ADR-0891: SIMD bit-exactness round-2 — unify SSIMULACRA 2 colour-matrix on FMA, extend -fp-model=precise to libvmaf_feature_static_lib¶
- Status: Accepted
- Date: 2026-05-30
- Deciders: lusoris
- Tags:
simd,build,bit-exact,icx
Context¶
PR #339 added -fp-model=precise to the x86 SIMD carve-out static libs to keep icx from auto-fusing scalar tails and FP-glue inside the SIMD TUs. CI on master at tip 83698bd5b2 still reproduced two bit-exactness divergences after the post-merge regression analysis (the "round-2 RCA"):
test_ms_ssim_decimate— the test executable embedsms_ssim_decimate_scalarfromlibvmaf_feature_static_libas its scalar reference. That static lib was compiled without-fp-model=precise, so under icx the scalar reference picked up the relaxed default FP model while the SIMD carve-out (already carrying the flag from #339) did not.
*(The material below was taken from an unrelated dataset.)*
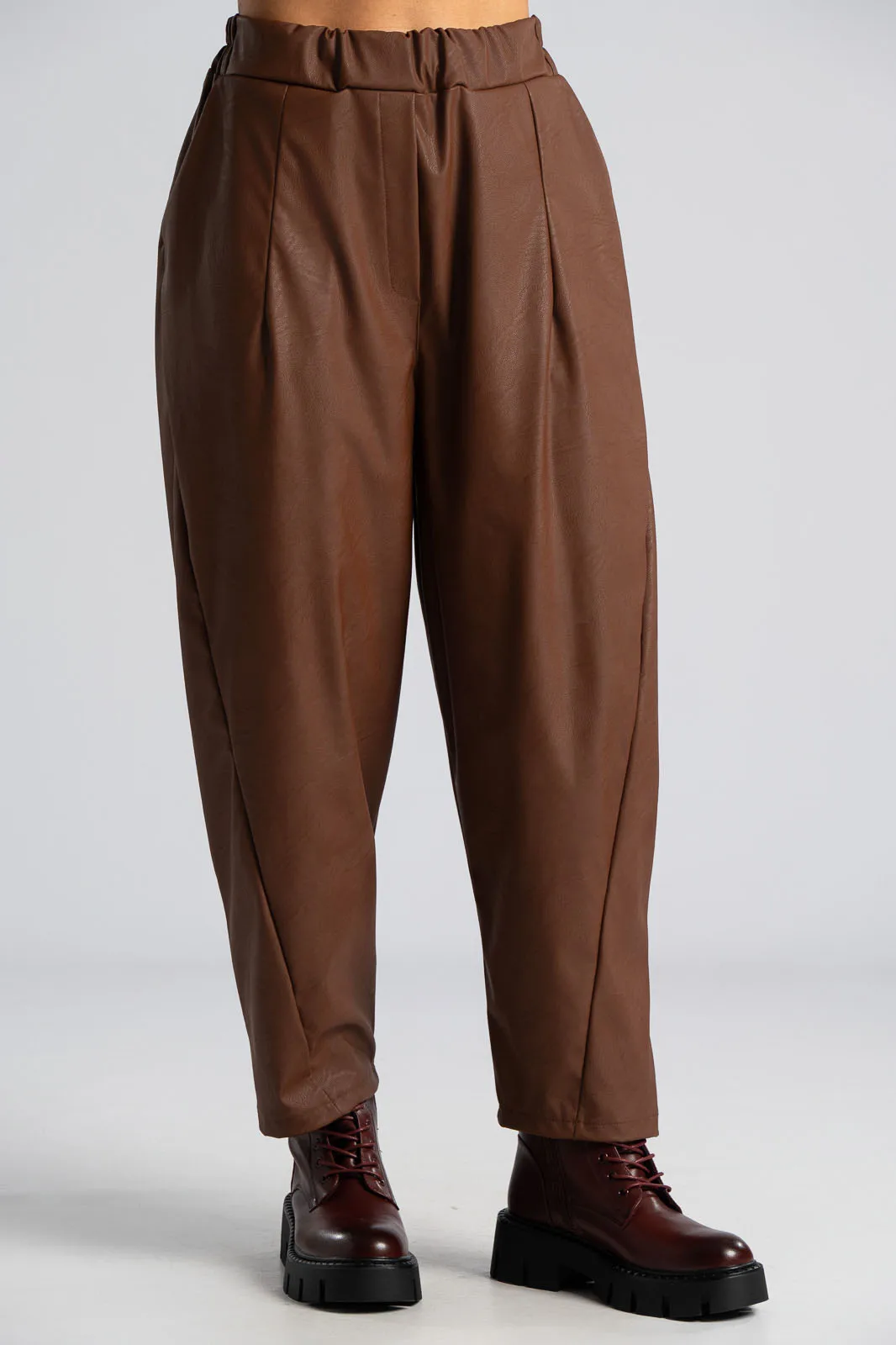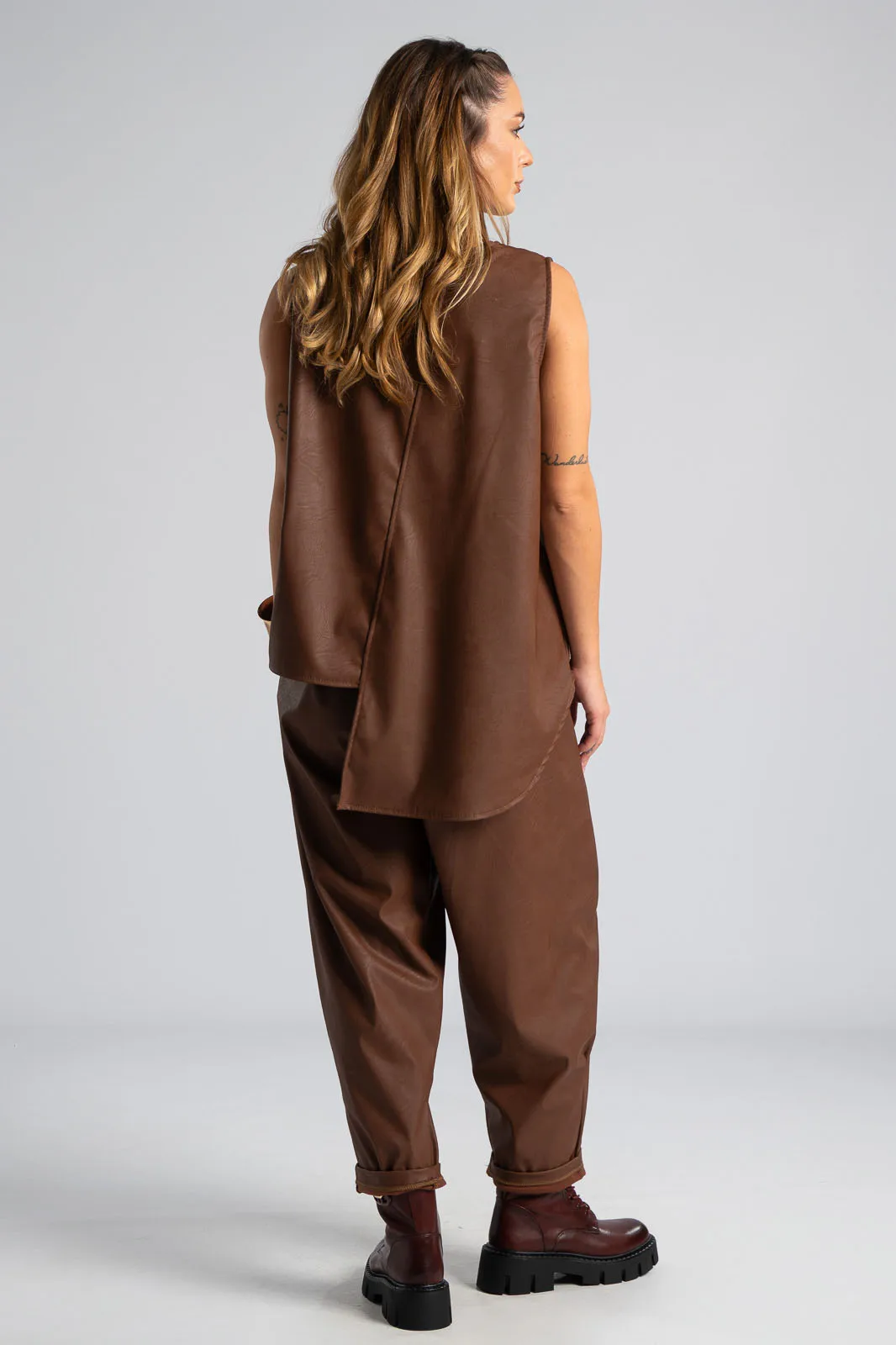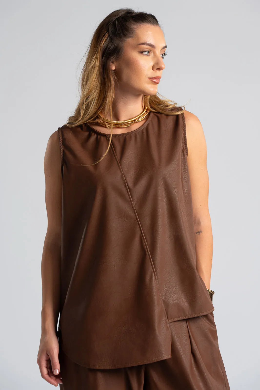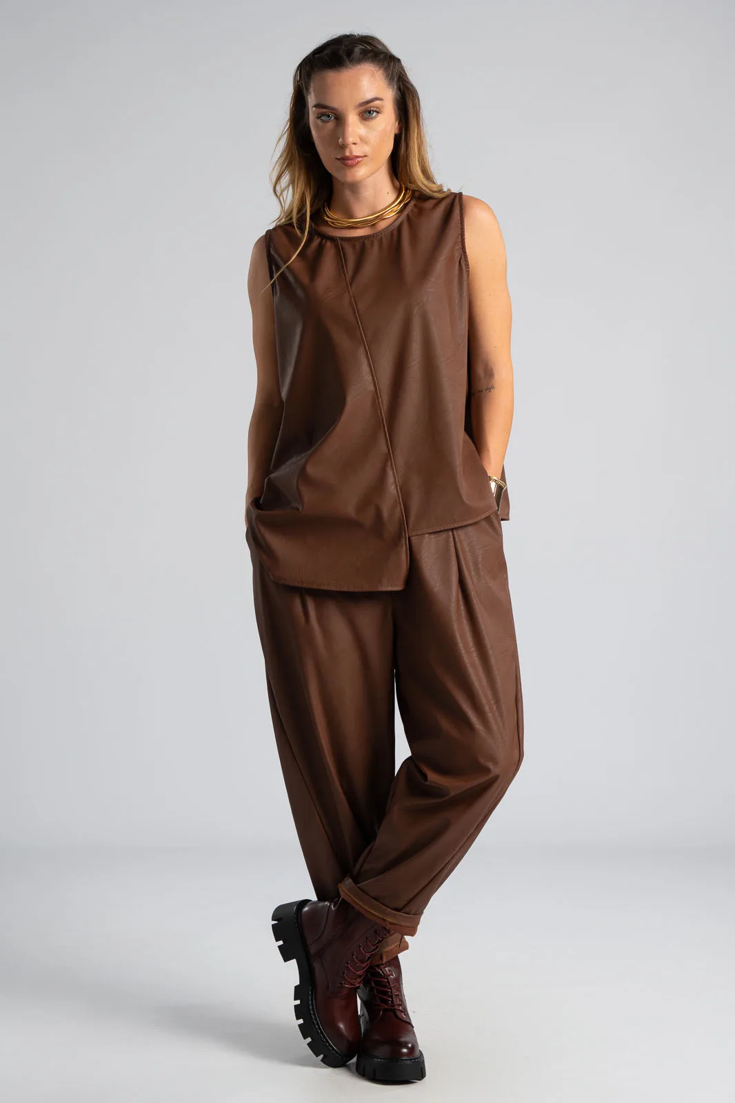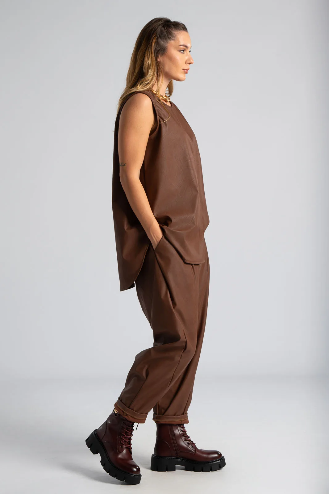 Σετ που αποτελείται από αμάνικη μπλούζα και παντελόνι. Είναι από εξαιρετικής ποιότητας δερματίνη και εσωτερικά είναι επενδυμένο. Η μπλούζα είναι αμάνικη και έχει στρογγυλή λαιμόκοψη. Είναι σε Α γραμμή και είναι ασύμμετρη. Το παντελόνι διαθέτει λάστιχο περιμετρικά για καλύτερη εφαρμογή. Έχει πλαϊνές τσέπες και δεν έχει φερμουάρ. Οι μετρήσεις του πίνακα είναι αντιπροσωπευτικές για κάθε προϊόν. 76% viscose, 19% polyamide, 5% elastan.

The two paths diverged at sub-ULP.test_ssimulacra2_simd::test_ptlr_420_8— the AVX2 and AVX-512picture_to_linear_rgbkernels computedG = Yn + cb_g*Un + cr_g*Vn(and the R/B siblings) with explicit_mm256_add_ps(Yn, _mm256_mul_ps(...))intrinsic pairs, while the scalar tails and the test'sref_picture_to_linear_rgbused plain CYn + cb_g * Un. Under icx +-mfmathe explicit intrinsic add/mul pair was still being auto-fused to FMA even with-fp-model=precise; under gcc the same pattern stayed as two separately-rounded operations. There was no portable way to keep mul+add un-fused across both compilers without bespoke per-compiler plumbing, so any reference that did not match whichever form icx picked diverged.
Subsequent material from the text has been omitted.